Kirsten Burke's calligraphy using an automatic pen
Edward Johnston's instruction on penmanship
That said, I had a formal training so that I understood the rules and geometry behind creating the letterform, before going crazy with a ruling pen. I felt that with a foundation knowledge, I could then move on and break the rules. With amazing teachers such as Gerald Fluess, Gaynor Goffe and Ewan Clayton, I learnt the history and rules of calligraphy. The knowledge they passed on to me has served me well, it has meant I am able to complete work for clients who require formal styles of calligraphy, as well as those who want something expressive.
Kirsten Burke ruling pen calligraphy
Now I have worked as a professional calligrapher for 18 years now and the times they are a changing. From America comes a new sort of calligraphy. This new calligraphy is anything but formal, yet it isn't about the expression of letterform either. It seems to be inspired by the 'vintage' 'shabby chic' style; Pinterest is full of this curly, deliberately naive looking lettering. Huge contrasts between the thick and thin strokes and created, not, as I was taught, with a flat nib held at a constant angle, but instead with a fine nib and applying more or less pressure.

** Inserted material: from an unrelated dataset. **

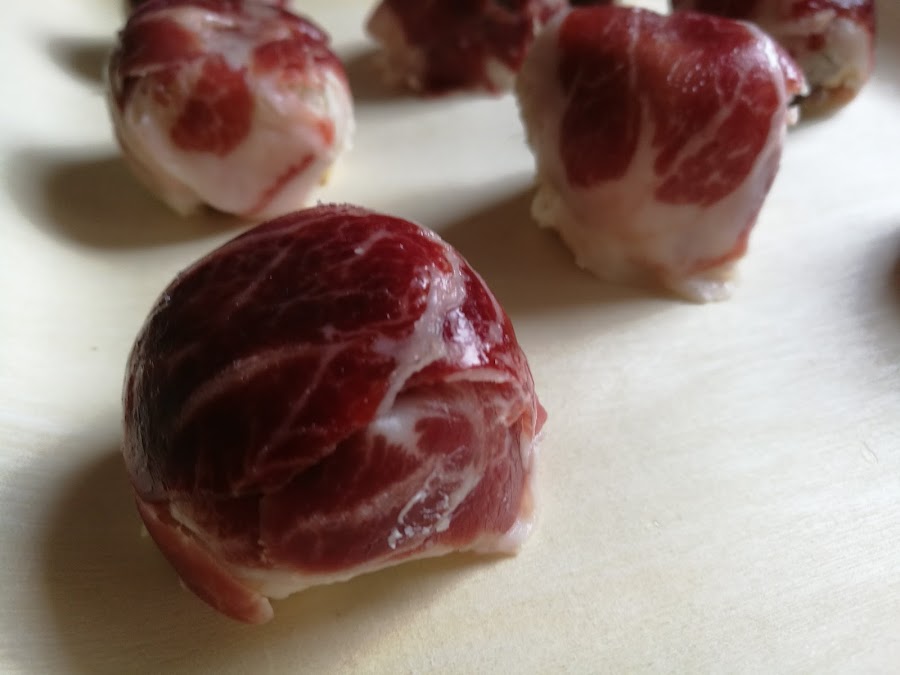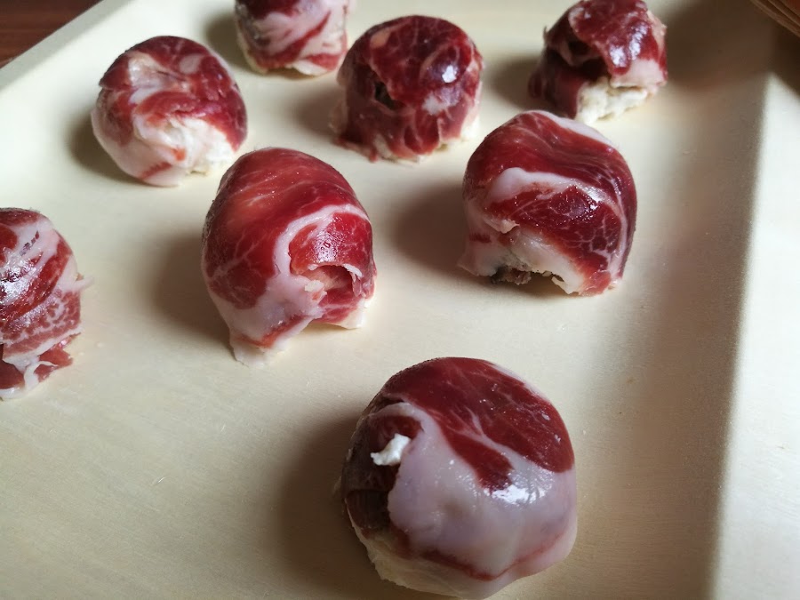 - Ponemos una cucharada de la mezcla de queso en cada agujero de la cubitera, y cerramos la bola con la loncha de jamón.

I am intrigued by all this, calligraphy has been reinvented. The cobwebs have been blown away and the stuffiness has vanished with this new, funky, instant style of lettering. There are tutorials and demos everywhere you look online, one is even called 'how to cheat at calligraphy'. But is it cheating? If it looks pretty, does it matter that you didn't study for years and have never heard of the Lindisfarne Gospels?! I don't think it does. This new calligraphy lets everyone have a go, it's light and fun. So hooray, lets all get busy with a dip pen and a pot of ink, and see if we can make something quick, beautiful and fun.